Tom laughs. ‘My dad used to sing this to me. He loved music but was completely tone deaf. It’s where I inherited my talent.’
Rachel laughs and is strangely touched by this shared confidence. ‘Do your parents live nearby?’
‘They’re both dead, I’m afraid, and in answer to your question, we grew up in Norfolk.’
‘Sorry to hear that’
‘Ah Norfolk isn’t so bad’
‘No, I meant –’
‘Rachel? That was a joke. It’s OK. It’s few years back now and they were older than your average parents. Dad got cancer and died within a few months and Mum couldn’t really survive without him. She had a heart attack about six months later. My older sister, Viv, and I always say she died of a broken heart.’
‘Oh Tom, that’s so sad.’
‘Yes it is, but they had each other for nearly fifty years and surely it’s better to have that kind of connection with another person?’
‘Better to have lived and loved? I’ve always thought so.’
‘Come on then, your turn. Bowie’s nearly finished. Surely you need to have a tune on or penalties will have to be faced?’
‘I see the man play to win, no?

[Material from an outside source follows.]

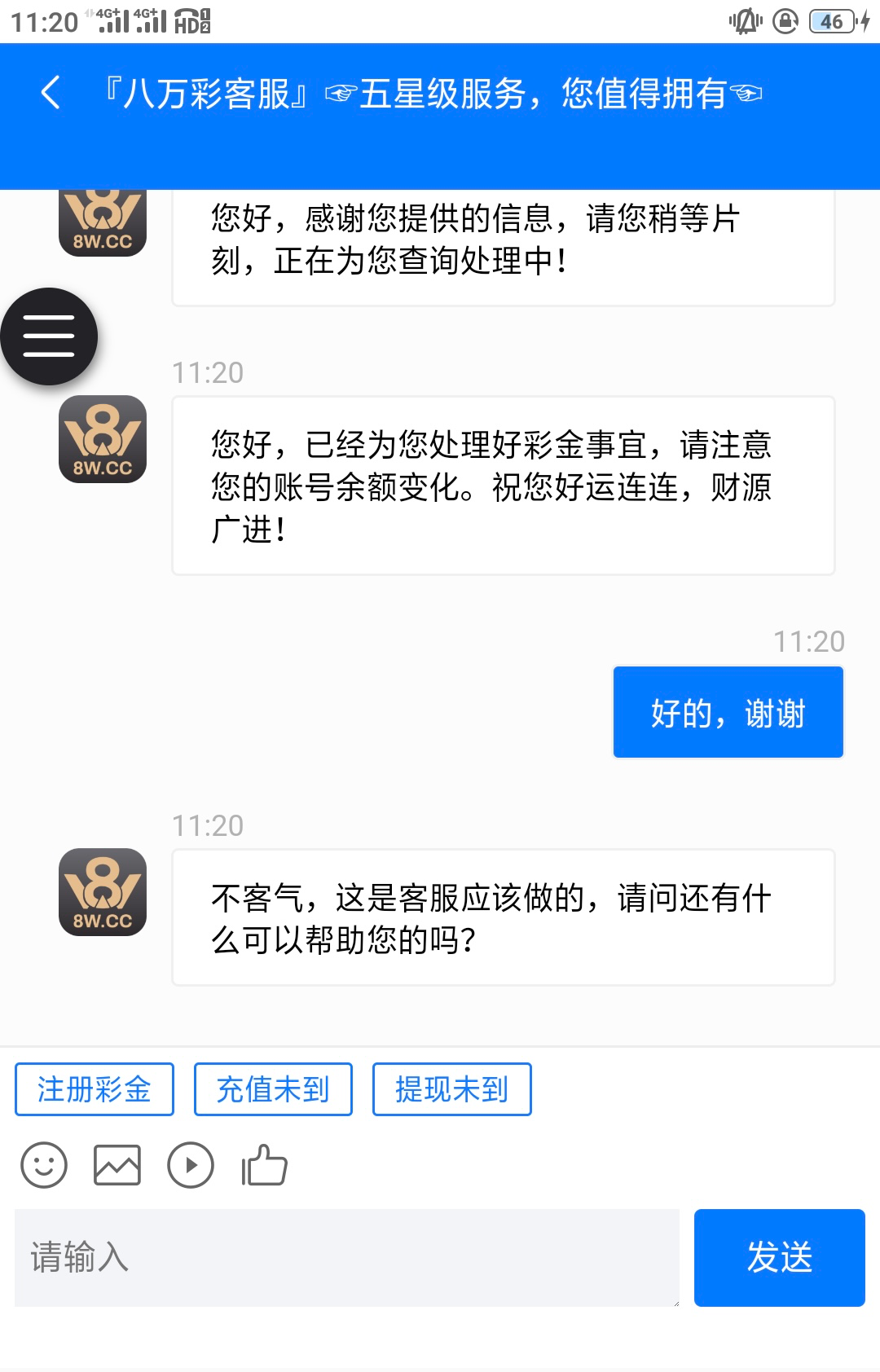 注册以后,联系在线客服,里面有一个注册彩金,下载APP,截图申请。彩票台多IP经典,各位老哥随意 8w.cc

Right, try this one, mate.’ The opening tones of Stevie Wonder’s ‘Lately’ fill the room.
‘Nice move. Although of course, if you had chosen ‘I Just Called’ you would have been downing that bottle.’

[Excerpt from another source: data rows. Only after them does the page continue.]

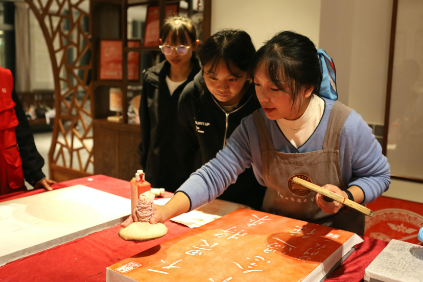 日前,学校第三届 “翰墨金声” 拓印大赛在图书馆7楼拓碑技艺展示体验中心举办。大赛吸引全校百余名拓印爱好者参加。
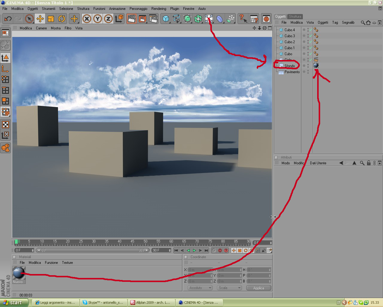 nuovo materiale dove nel canale colore inserisci una tua foto (in questo caso nuvole)
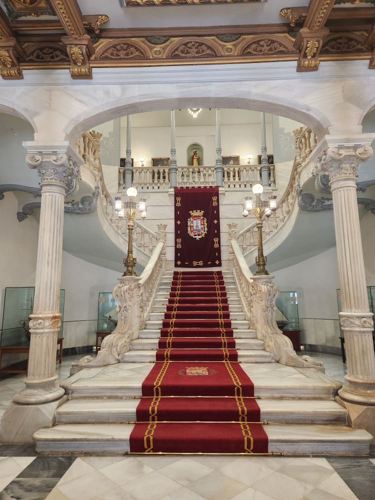 We actually arrived early, at 10:30a, sailing through a thick fog bank on the way into port. Per usual, we headed out right away, even though we knew we’d have to cool our heels for lunch – but better to be walking around on land then just hanging around the ship doing nothing. A huge bonus of our early and weekday arrival is that we finally get to tour the City Hall building, the Palacio Consistoria, which I’ve wanted to see since our first visit here ages ago. Our timing never worked out – today though breaks our streak.
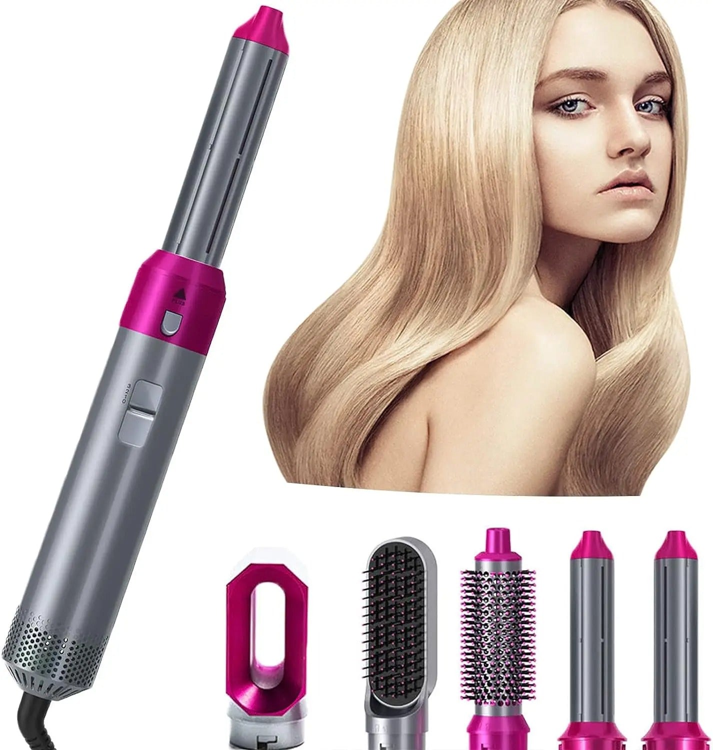 يأتي بخمسة ملحقات قابلة للتبديل تجعل استقامة وتجعيد الشعر وتكثيفه وتدليكه أمرًا سهلاً. من خلال الجمع بين تجفيف الشعر وفرشه و تصفيفه

‘True, but even geniuses have their off days.’
‘Indeed we do. So how are you then, Mrs Summers?’
Tom is looking earnest now and Rachel isn’t sure if she wants to take the conversation down this route. She’s enjoying a bit of flirtatious banter and doesn’t want to spoil it. She sighs and looks slightly vague. ‘Oh, you know.’
‘Ah, you don’t want to talk about it.’
‘No, it’s not that, it’s just that I really need to talk to Steve and haven’t had the chance.’
‘Hmm, sounds serious.’
‘Well, not as serious as Third World poverty, but important in our lives.’

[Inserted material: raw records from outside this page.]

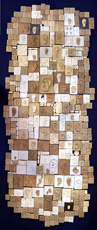 The ''Wall of 1000 Ears'' is made from seven varieties of clay and porcelain. Every tile is hand made and modeled and then fired to the maturing temperature of the clay body. Surface embellishment was primarily left to the atmosphere of the kiln, with a scant amount of post-glazing application for accent. Mounted on 5 separate wooden stretchers the installation encompassed more than 40 square feet.
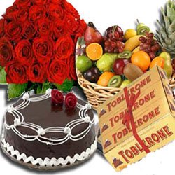 a blast of loveA bunch of fresh 12 pieces red rose, a basket of 8 items fruits, 6 pieces x 100 grams toblerone and a chocolate cake.
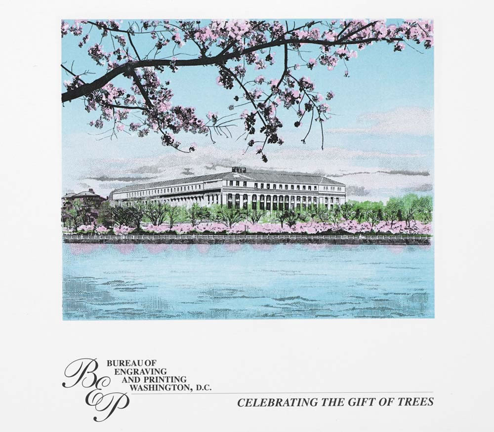 The print’s release coincided with the opening day of the National Cherry Blossom Festival — an annual spring celebration in Washington, DC, commemorating the March 1912 gift of 3,000 Japanese cherry trees from the Mayor of Tokyo to the city.

‘Sorry, Rachel, I didn’t mean to pry.’ Tom looks slightly embarrassed and Rachel feels guilty.
‘It’s OK, really it is. Oh shit I’m making this into more than it is. Right, well Steve can’t be bothered to come home and talk to me properly, so you are officially my designated male for the evening.’ Rachel thinks Tom might be blushing, but she’s had too much wine to stop now. ‘Steve wants us to move to Edinburgh.’
‘Right,’ says Tom as if he’s waiting for the punchline.
‘That’s it.’
‘Right,’ repeats Tom, ‘and that’s bad because –’
‘Because it’s so far away from everything we have here; from my family, my friends. I mean, surely you’d miss me!’
‘Of course, of course,’ says Tom nodding with enthusiasm.
‘And he knew about it over a month ago and didn’t tell me about it.’
‘Ah.’
‘So I’m frankly furious and would like to discuss it with him rationally.’
‘I see.’
‘Well?’
‘What?’
‘You need to tell me why I should go and how great it could be and how unreasonable I’m being.’
‘Do you think you’re being unreasonable?’
Rachel considers this question. She knows the answer. ‘I just wish he could have talked to me about it earlier, discussed it properly, from the beginning. Not waited until it was a done deal.’
‘Well, on behalf of Steve and men everywhere, I would like to apologise for our general crapness. We are weak and feeble beings and essentially simpletons at heart.’
Rachel laughs. ‘OK, I’m sorry, I shouldn’t be ranting at you.’